----- Information shown
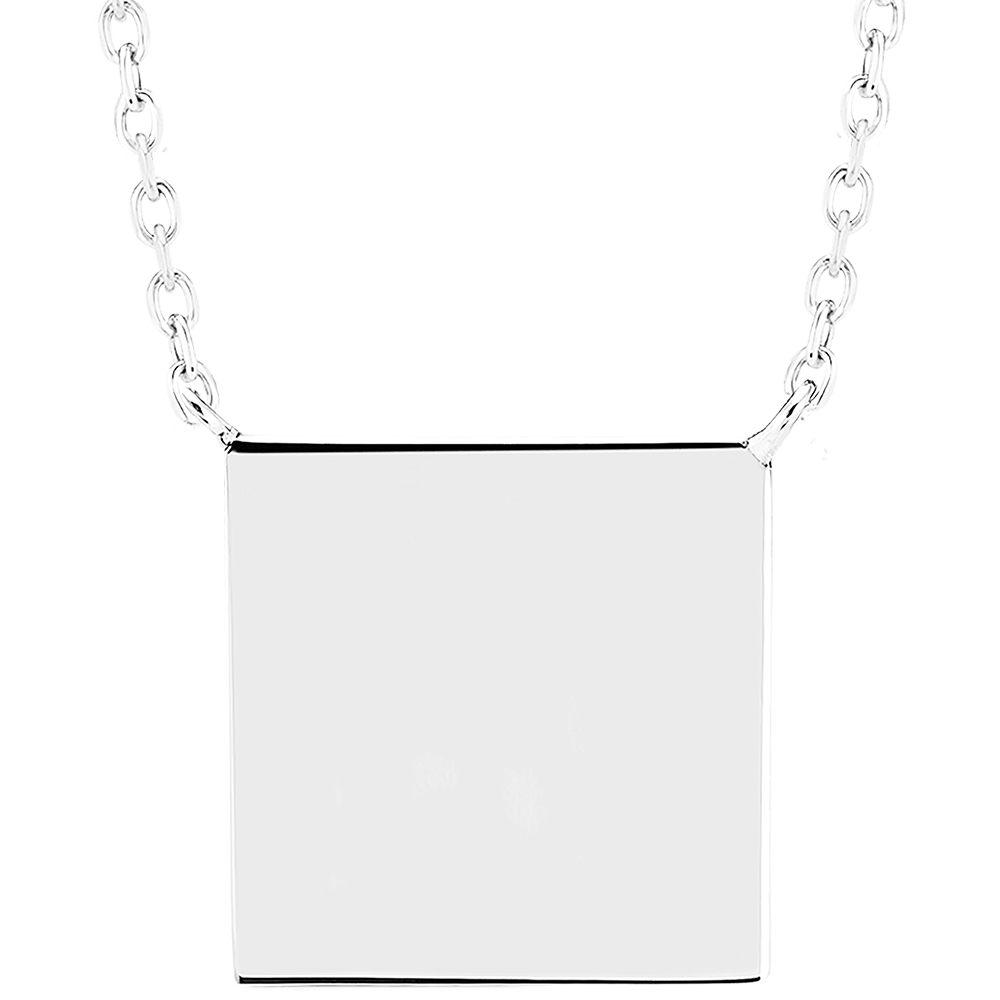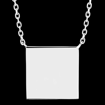 Collar de medalla cuadrada para grabar - Oro blanco 9 quilates
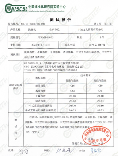 2022年,方太聯(lián)合中國家用電器研究院發(fā)布首個《洗碗機氣泡洗清洗技術規(guī)范》,此次舉辦的媒體溝通會上,方太水槽洗碗機新5系又通過了中國標準化研究院完成技術驗證,經(jīng)由嚴苛的技術測試和實效檢驗,測試結果最終為,能效指數(shù)50、水效指數(shù)45、干燥指數(shù)1.29、清潔指數(shù)1.24、中式烹飪油污清潔度0.87、中式烹飪油污殘渣自清潔度0.77,各項指標均符合要求,其中干燥指數(shù)、清潔指數(shù)均高于國家一級水效標準基數(shù),且對中式烹飪油污的清潔效果顯著。
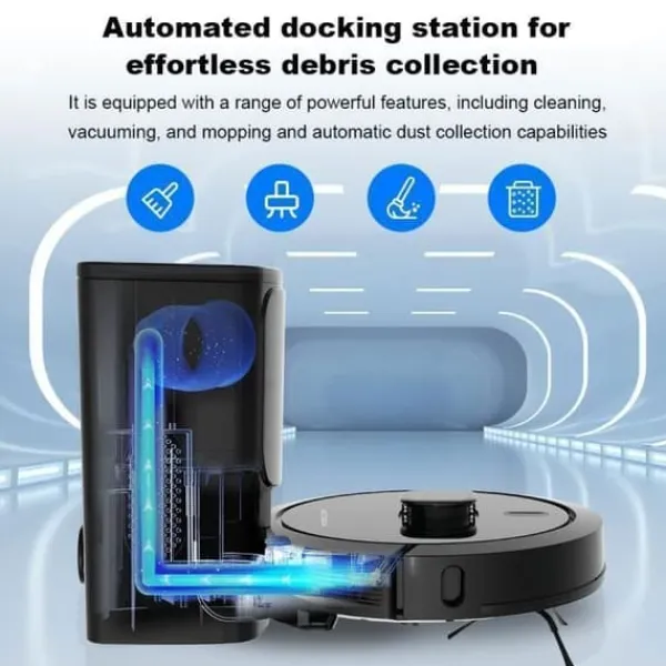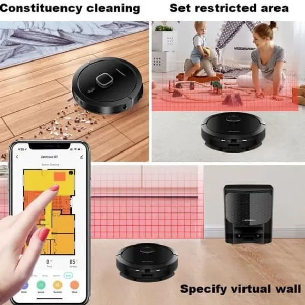 LIECTROUX G7 4-i-1 Robotdammsugare med Automatisk Dammsamlare: Sugdning och tvätt 4000 Pa – Laser-navigering
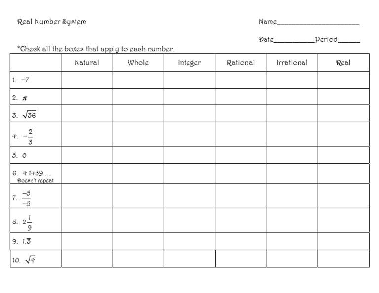 Explore Your Understanding Assignment Visually organize the Real Number ...
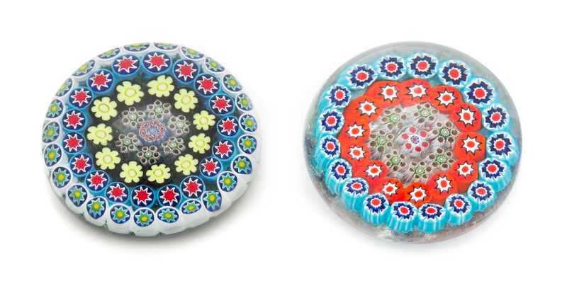 two concentric millefiori paperweights
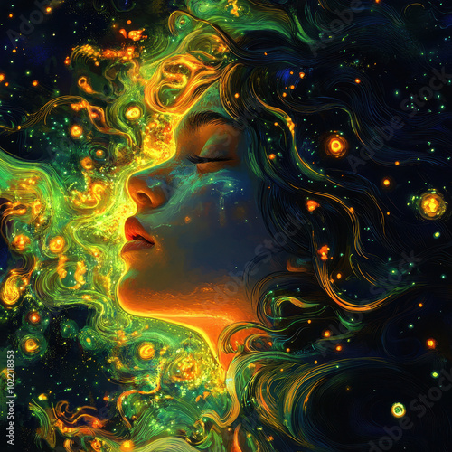 flowing hair that transforms into patterns and glowing, star-like shapes, tie-dye
----------
### Work instructions
Please copy the preceding records exactly and omit the images.

### Output of the task
 Collar de medalla cuadrada para grabar - Oro blanco 9 quilates
 2022年,方太聯(lián)合中國家用電器研究院發(fā)布首個《洗碗機氣泡洗清洗技術規(guī)范》,此次舉辦的媒體溝通會上,方太水槽洗碗機新5系又通過了中國標準化研究院完成技術驗證,經(jīng)由嚴苛的技術測試和實效檢驗,測試結果最終為,能效指數(shù)50、水效指數(shù)45、干燥指數(shù)1.29、清潔指數(shù)1.24、中式烹飪油污清潔度0.87、中式烹飪油污殘渣自清潔度0.77,各項指標均符合要求,其中干燥指數(shù)、清潔指數(shù)均高于國家一級水效標準基數(shù),且對中式烹飪油污的清潔效果顯著。
 LIECTROUX G7 4-i-1 Robotdammsugare med Automatisk Dammsamlare: Sugdning och tvätt 4000 Pa – Laser-navigering
 Explore Your Understanding Assignment Visually organize the Real Number ...
 two concentric millefiori paperweights
 flowing hair that transforms into patterns and glowing, star-like shapes, tie-dye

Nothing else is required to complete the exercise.